When the miracle is in another language, the fallacy is even clearer. This is the name of Allah (in Arabic) written in a watermelon. Does God speak English? Arabic? Hebrew? Is writing in watermelons what you would do with your power if you were God?
Hume’s Argument: 1.In all of my experience, nature has been uniform. 2.A miracle is a violation of the laws of nature, or the uniformity of nature. 3.If someone testifies that they have seen a miracle, then there are several possible explanations: a. He is mistaken. b. He is lying. c. He has been deceived. d. A real miracle has occurred. 4. My experience and my evidence will always favor a, b, or c more than d. 5. Therefore, it will never be reasonable for me to believe miracle testimony.
So What Sort of Testimony Would Be Believable? Hume says, “Thus, suppose, all authors, in all languages, agree, that, from the first of January 1600, there was a total darkness over the whole earth for eight days: suppose that the tradition of this extraordinary event is still strong and lively among the people: that all travelers, who return from foreign countries, bring us accounts of the same tradition, without the least variation or contradiction: it is evident, that our present philosophers, instead of doubting the fact, ought to receive it as certain, and ought to search for the causes whence it might be derived.”

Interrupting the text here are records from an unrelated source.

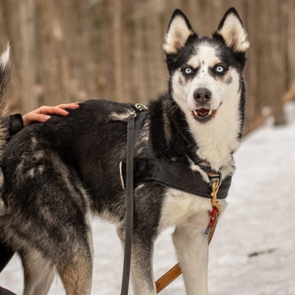 Une superbe femelle de type Husky croisé âgée de 2.5 ans et pesant 25 kg.
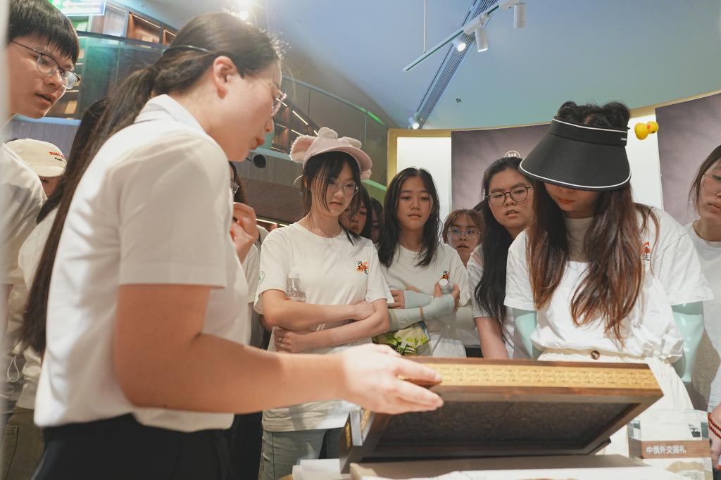 漫步羊楼洞古镇,斑驳的青砖路面上的独轮车辙印,以及厘金局、电报局、羊楼洞公堂、阜昌茶庄等历史遗址,无声诉说着往昔的繁华。师生们走进以“博展三国烽火,物藏五千春秋”为主题的中国青砖茶博物馆,这里陈列着晋朝、三国、唐宋等朝代的茶具文物,这些珍贵的展品为师生们展开了一副生动立体的茶文化历史画卷。
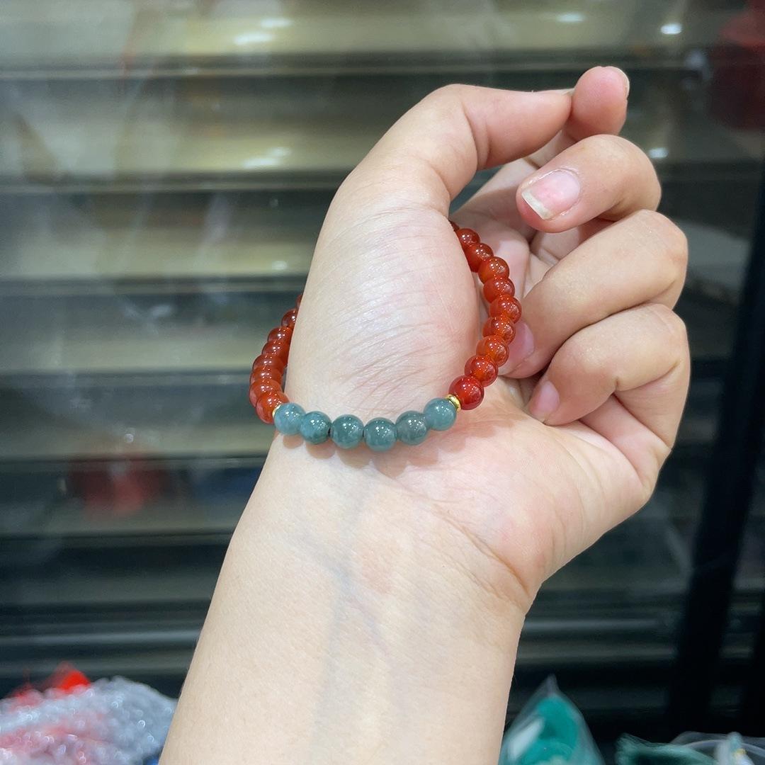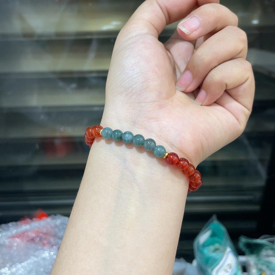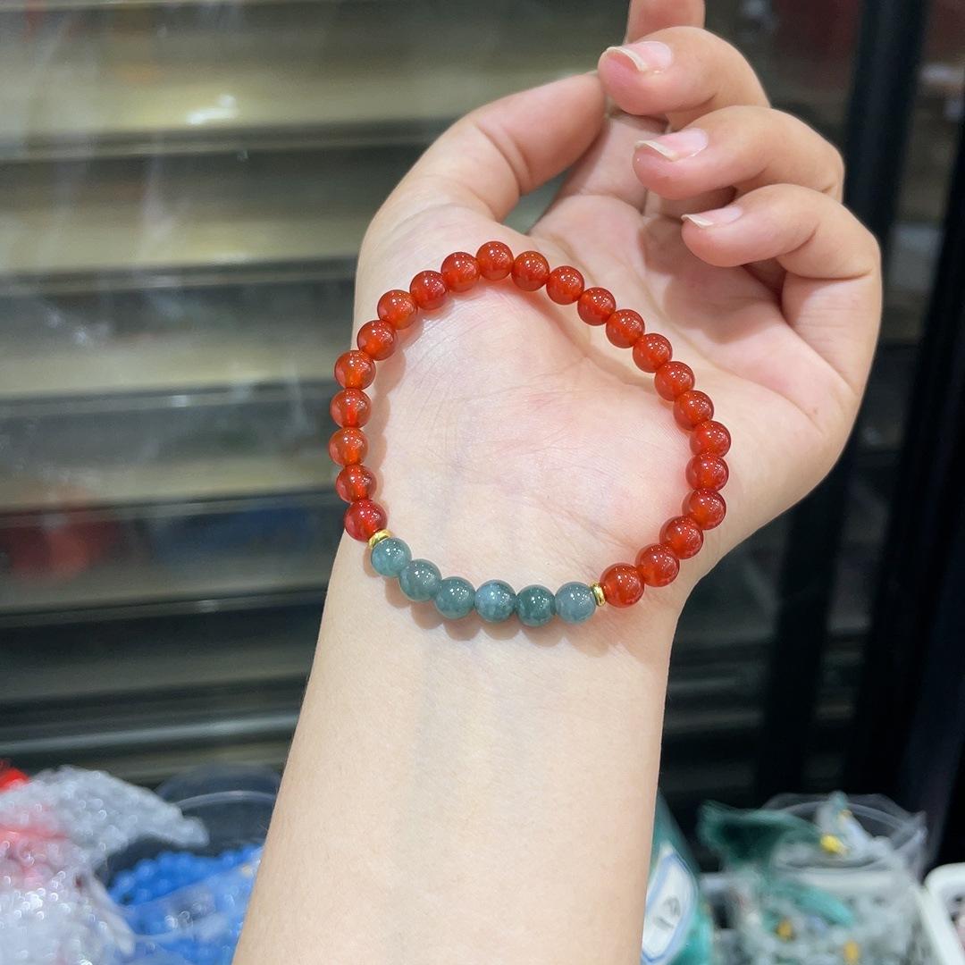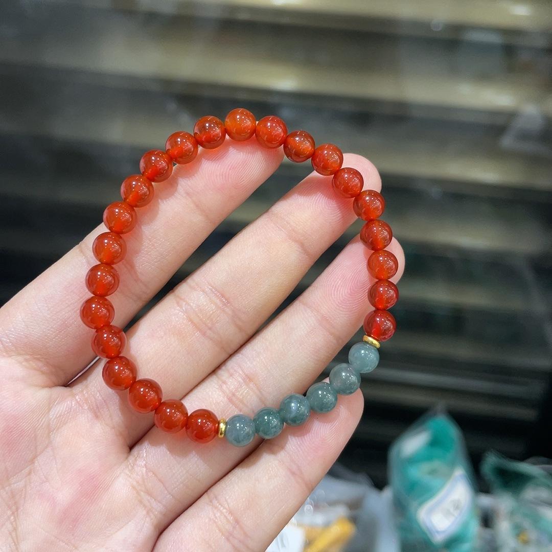 Pulsera de Ágata Roja y Jade Azul Agua Nicho Simple Versátil Moda Exquisita Pulsera Joyería Fina para Mujer
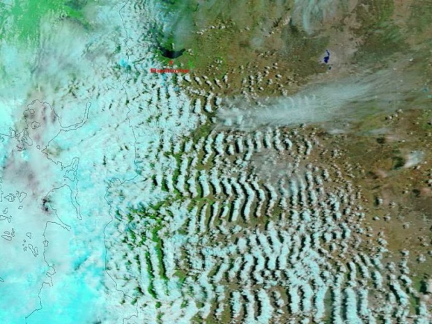 Τα πράγματα όμως δεν είναι ακριβώς έτσι. Η διακεκομμένη γραμμή «ψεκάσματος», μοιάζει με αυτό που λέμε «κυματοειδή σύννεφα» (Lee waves), που προκαλούνται από περιοδικές μεταβολές της ατμοσφαιρικής πίεσης, της θερμοκρασίας και του ορθομετρικού ύψους που προκαλείται από κατακόρυφη μετατόπιση σε ένα ρεύμα αέρα, όταν ο άνεμος φυσάει πάνω από ένα ένα βουνό ή μια οροσειρά. Μπορούν επίσης να προκληθούν από τον άνεμο της επιφάνειας που φυσάει (και εκτρέπεται) πάνω από μια εδαφική έξαρση ή και σε μεγάλα υψόμετρα, όταν ο άνεμος διαθλάται από ανοδικά θερμά ρεύματα.
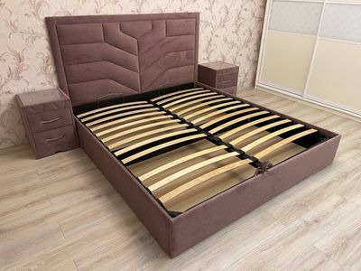 Конструкция кровати усилена металотраверсами, фурнитурой Via Ferrata, крепким дном бельевого ящика, съемным средником в металлических пазах и усиленным сквозным крепежом с пресс шайбой.
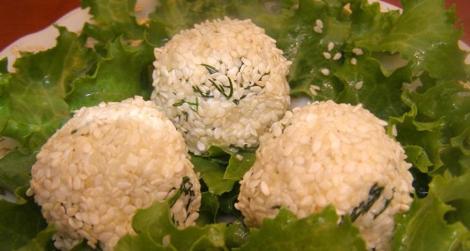З сирної суміші формуємо кульки невеликого розміру. Щедро обвалюємо їх в кунжуті. Готові сирні кульки викладаємо в миску та відразу подаємо до столу. Смачного!
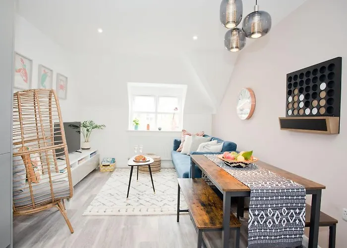 Apartamento está localizado no distrito de Boscombe de Bournemouth, a 15 minutos de carro do aeroporto de em Bournemouth. Boscombe's Royal Arcade fica nas proximidades e o centro de Bournemouth fica a 30 minutos a pé. A propriedade está a 25 minutos a pé de Galeria e Museu Russell-Cotes.
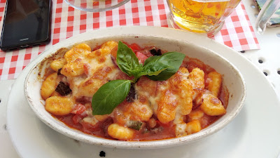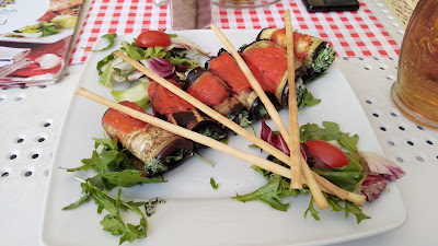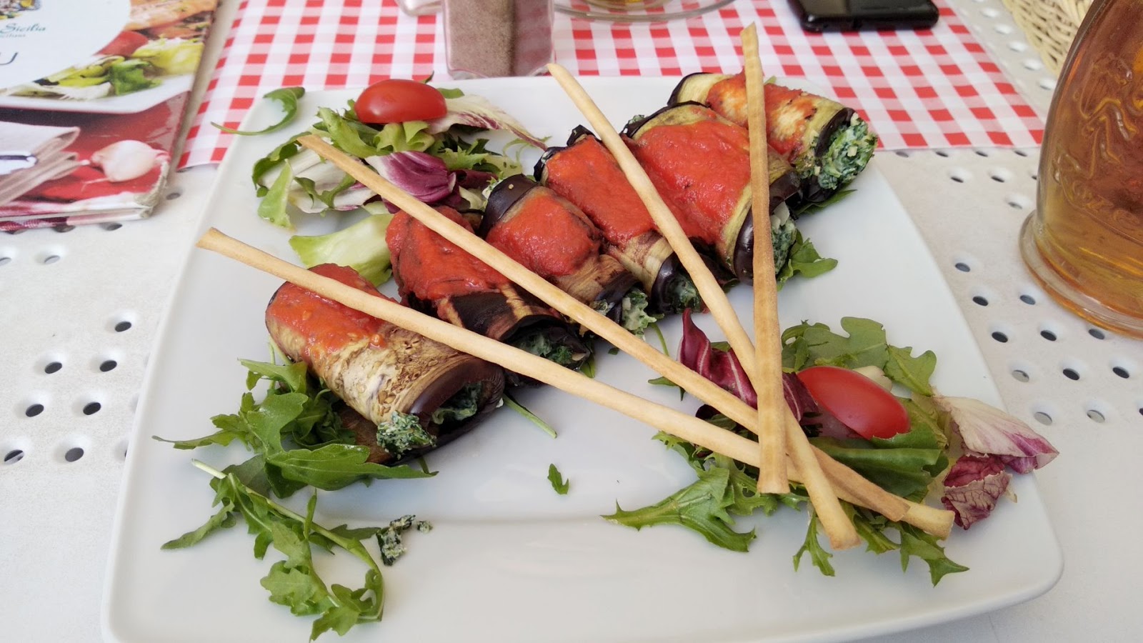 Ristorante Sicilia: bardzo smacznie. Ogródek przy rynku. Na zdjęciach: roladki z bakłażana nadziewane szpinakiem i gnocci w sosie pomidorowym. Dania przygotowuje dyplomowany szef kuchni z Sycylii. Jeszcze wrócę tu na pizzę, danie z makaronem i tiramisu. Ponoć tą restauracją zachwycała się Magda Gessler...
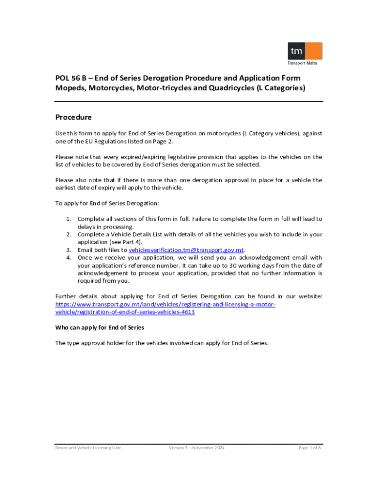 Completing the end of series derogation form isn’t the only step in the application process; accompanying documentation is essential. Applicants must compile a list of required documents to fortify their case. This typically includes technical specifications, proof of previous compliance, and any correspondence with the vehicle certification agency regarding the request for derogation.
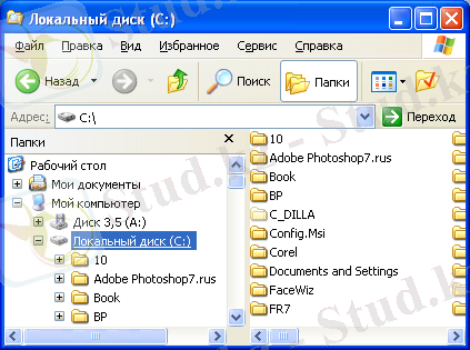 - Мой компьютерқапшығындағы дискСбелгішесіне тышқанның нұсқауышын орналастырып, екі рет шертіп, Сдискісінің терезесін ашамыз
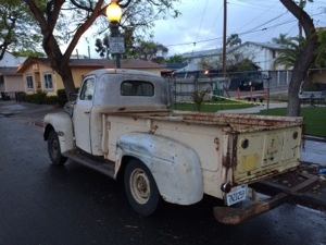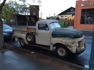 This morning I’m at Rebecca’s Coffee House in South Park. I drove my 1950 Ford F2 which needs exercise every few weeks. It is a barn-find type truck in its “natural state”. ‘Natural state’ after sixty plus years means, ‘paint falling off’. I have however attended to all of its running gear which remains ‘correct’, ‘stock’, or as original. In other words she is still running her flat head straight six engine and crash-box 4-speed with a ‘granny first’.
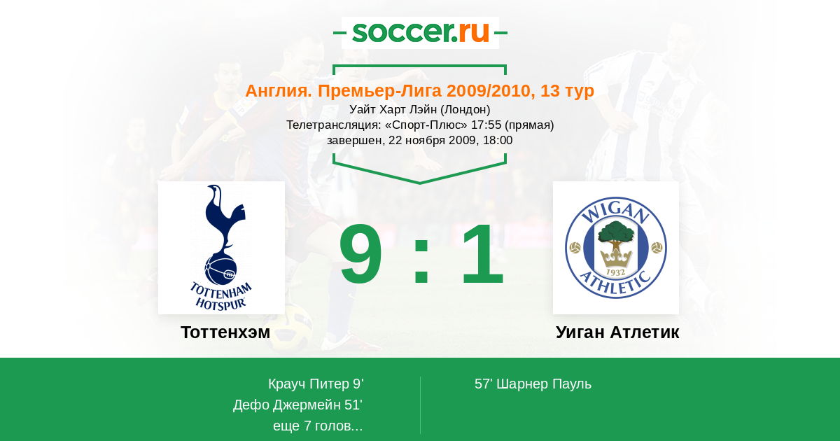 Протокол матча Тоттенхэм против Уиган Атлетик

Suppose We Had Compelling Evidence that Some Miracle Had Occurred: Would that give us evidence that some supernatural agent was responsible? Would that give us evidence that the being responsible was omnipotent? Omniscient? Omnibenevolent?
Miracles Would Be Evidence Against the Existence of God 1. If God did intervene in the course of things to make one good thing happen, or prevent an evil thing, then we would have to ask, “Why not more?” 2. An omni-being wouldn’t manifest himself through mere healings, images, cryptic intimations. 3. Only a petty, superficial, short-sighted being would bother with such insignificant party tricks. 4. If there were real miracles, then all the purported solutions to the problem of evil that asserted evil has a divine purpose, or this is the best of all possible worlds, or that God must be hidden must be rejected.